Generated output for a table with engine, ordering, partitioning, codec, and projections:

from datetime import date
from sqlalchemy.orm import DeclarativeBase, Mapped, mapped_column
from dbwarden.databases.clickhouse import CHTableMeta, CHColumnMeta, ChEngineSpec, ProjectionSpec, ch

class Base(DeclarativeBase):
    pass

class Event(Base):
    __tablename__ = "events"

    id: Mapped[int] = mapped_column(Int64, primary_key=True)
    event_date: Mapped[date] = mapped_column(Date)
    payload: Mapped[str] = mapped_column(String)

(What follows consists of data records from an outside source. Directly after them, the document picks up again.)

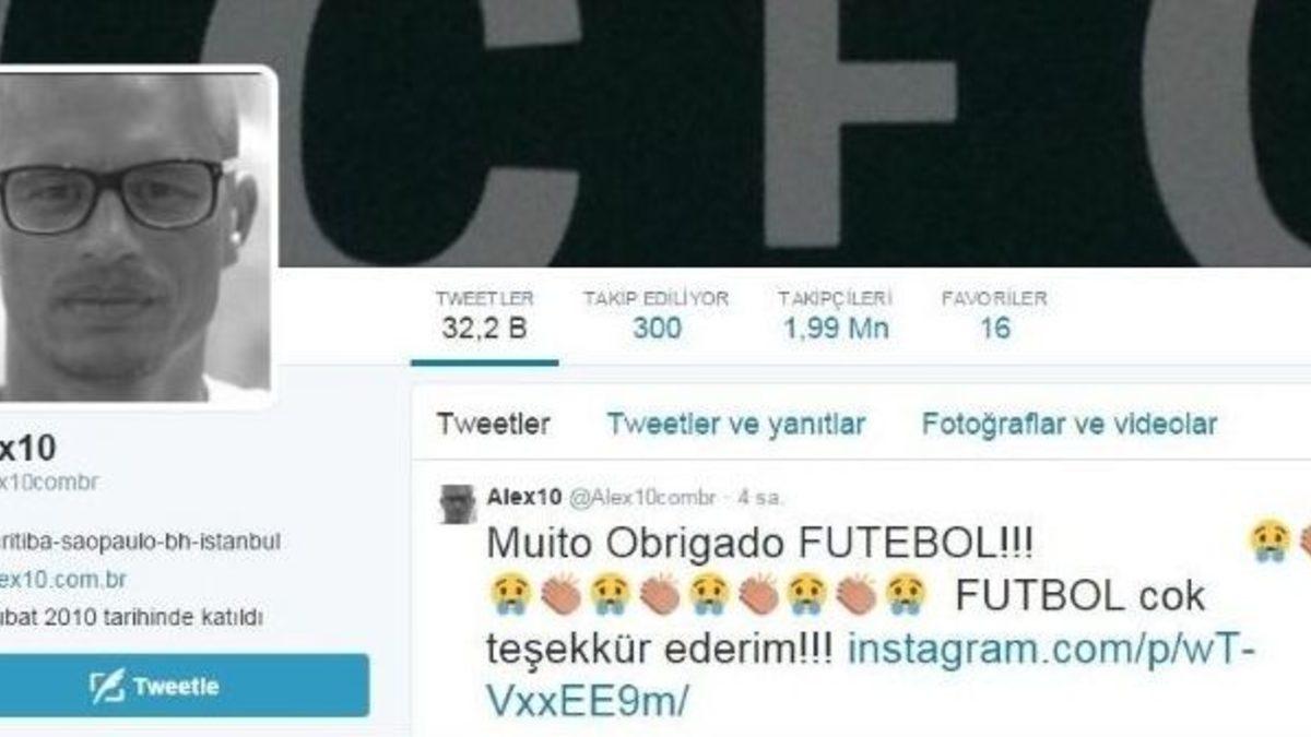 Fenerbahçe’nin unutulmaz oyuncusu Alex De Souza, futbol hayatını noktalarken sarı-lacivertli takımı da unutmadı.Alex De Souza bugün Brezilya Ligi’nde oynanan Coritiba-Bahia maçı ile aktif futbol hayatını noktaladı. Yıldız oyuncu karşılaşma öncesi sahaya Coritiba ve Fenerbahçe bayrakları ile çıktı. Yeşil sahalara 37 yaşında veda eden yıldız oyuncu, maç öncesi twitter hesabından Türkçe ve Portekizce olarak, "Futbol çok teşekkür ederim" mesajını yayımladı.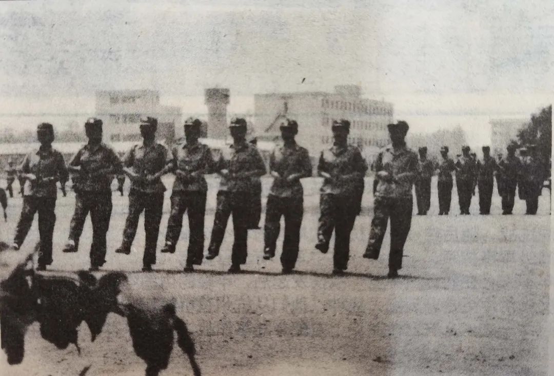 1997级学生在军训过程中练习正步走
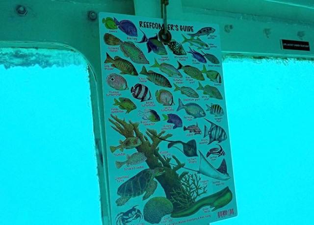 Near the end of our time in the semi-sub a turtle swam close enough for us to see it. It was clearly visible, but a bit too distant for cameras or phones to get a decent photo of it. Then our time there was over and we had to take the ladder-like stairs back to the surface and wait for the boat to arrive and return us to shore.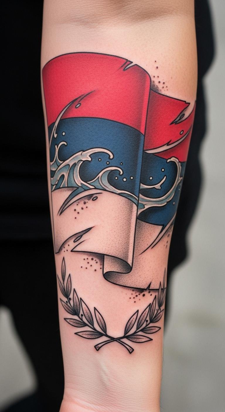 Embracing these color meanings makes your tattoo a powerful statement of pride and identity. This forearm placement lets the flag flow with arm movement, the laurel and waves reinforcing triumph and perseverance; emotionally it reads as resolute and proud, meant to be visible yet personal, sized to wrap slightly around the inner forearm for daily reminder and ceremonial presence.

    class Meta(CHTableMeta):
        ch_engine = ChEngineSpec("MergeTree")
        ch_order_by = ["event_date", "id"]
        ch_partition_by = "toYYYYMM(event_date)"
        ch_ttl = ["event_date + toIntervalYear(1)"]
        ch_settings = {"index_granularity": "8192"}
        ch_projections = [
            ProjectionSpec("by_date", "SELECT event_date, sum(amount) GROUP BY event_date"),
        ]

        class payload(CHColumnMeta):
            ch = ch.field(codec="ZSTD(3)")

Safety Classification

DBWarden classifies migration changes using the Safety enum:

from dbwarden.engine.safety import Safety

assert Safety.SAFE == "SAFE"
assert Safety.INFO == "INFO"
assert Safety.WARN == "WARN"
assert Safety.CRITICAL == "CRITICAL"

The following ClickHouse-specific safety classifiers are available for custom analysis:

from dbwarden.engine.safety import (
    classify_ch_column_change,
    classify_ch_options_change,
    classify_ch_safety,
)
Change Type Severity Flag Required
Add column INFO None
Drop column WARNING --force
Change column type (ch_type) CRITICAL --force
Change column codec WARN None
Change column default WARN None
Change column TTL WARN None
Change LowCardinality / Nullable CRITICAL --force
Change engine CRITICAL --force
Change order by CRITICAL --force
Change partition by WARN --force
Change sample by INFO None
Change TTL INFO None
Change settings WARN --force
Change object type CRITICAL --force
Change dictionary layout / source / lifetime WARN --force
Add projection INFO None
Drop projection WARNING --force
Add skip index INFO None
Drop skip index WARNING --force
Add materialized view INFO None
Drop materialized view CRITICAL --force

Verification Workflow

Because ClickHouse diverges from standard SQL DDL, always review auto-generated migrations before applying:

$ dbwarden make-migrations -d analytics
$ dbwarden migrate -d analytics

Use dbwarden make-migrations --plan -d analytics to preview the ops without writing files.

See models.md for detailed ClickHouse model examples and Modeling Guide for a complete walkthrough.